The Broader Reusable Rocket Landscape

SpaceX isn't the only company playing in this space anymore. Blue Origin recovered a New Glenn booster in 2025 and reused it earlier this year — though one of its rockets exploded on the launch pad in May 2026, delaying further attempts. Setbacks happen. The question is whether you recover faster than your competitors.

Rocket Lab is working on Neutron, which is intended to fly with a reusable booster. Stoke Space is developing what it calls a fully reusable rocket and hopes to test it this year. Isar Aerospace, Europe's leading rocket startup, keeps pushing forward despite repeated test flight delays.

The industry is moving faster than most people realize. What looked like science fiction five years ago is now baseline engineering.

Starship's Mixed Results and What Comes Next

SpaceX's much larger Starship rocket has had mixed results on its last launch attempt.
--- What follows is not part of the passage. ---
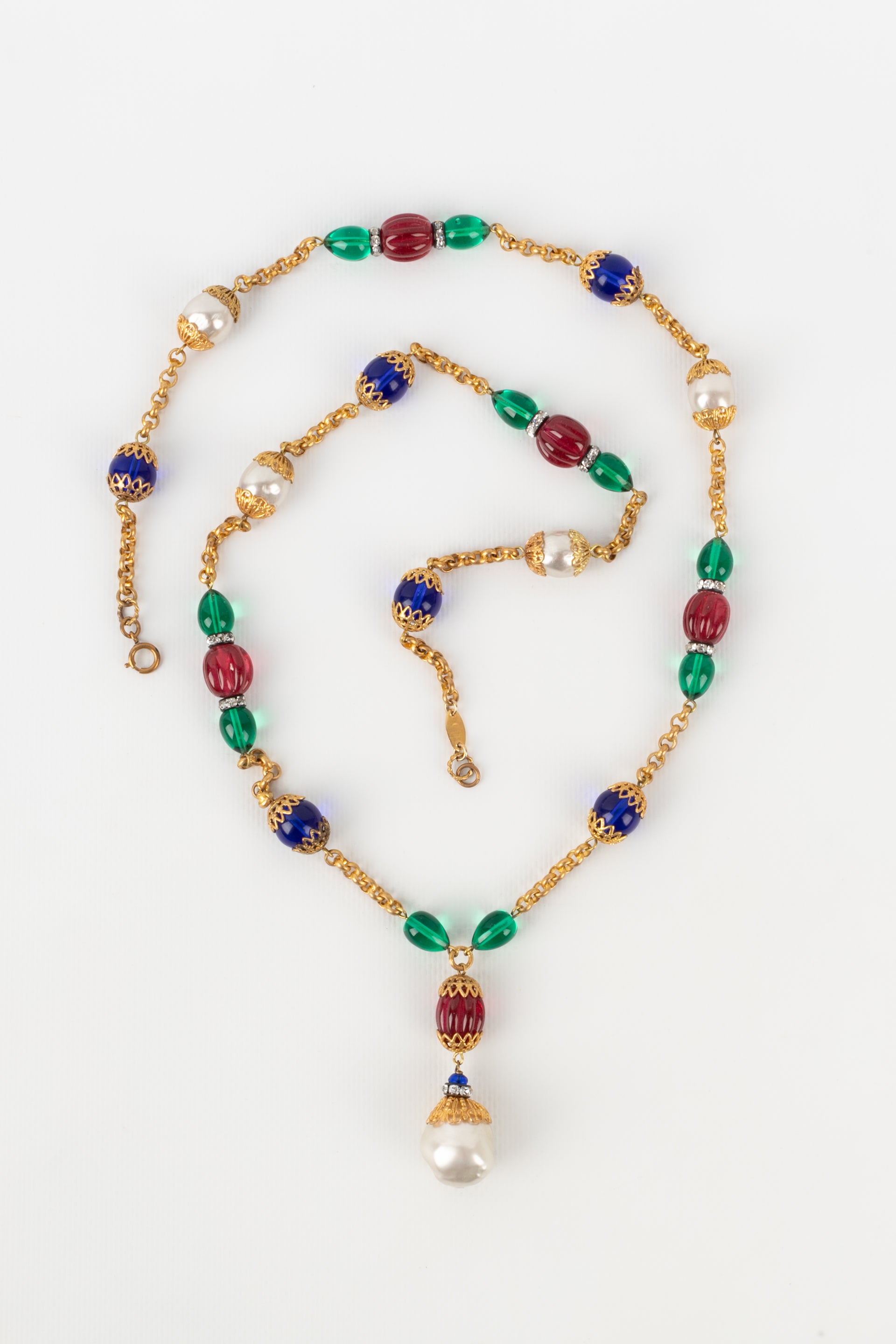 CHANEL - (Made in France) Collier en mtal dor, perles nacres fantaisies et perles de verre. Travail de l'atelier Rousselet pour la maison Chanel

Another attempt is expected this month, and a static fire test of the huge booster appeared to go off without a hitch.

Starship is supposed to be the next evolution — fully reusable, massive payload capacity, designed for everything from Earth orbit to Mars. But it's also bigger, more complex, and harder to get right than Falcon 9.

The company that broke launch records with Falcon 9 is now trying to do the same thing at a much larger scale. If Starship works, it changes everything again. If it doesn't, the Falcon 9 fleet remains SpaceX's workhorse for the foreseeable future.

The Bottom Line

SpaceX's reusable Falcon 9 fleet is breaking launch records. China just became the second nation to recover a booster at sea and plans to reuse them by year's end. The rest of the industry is scrambling to catch up.

This isn't just about who launches more rockets. It's about who controls the economics of space access, who dominates satellite communications, and who has the military advantage in orbit. The race is on, and it's accelerating fast.

For context, while SpaceX scales launch cadence, NASA's Commercial Crew Program continues to grapple with delays in Boeing's Starliner, which now faces certification beyond 2027 — a decade behind schedule. This contrast underscores how private innovation and government procurement are now moving at fundamentally different paces in the new space era.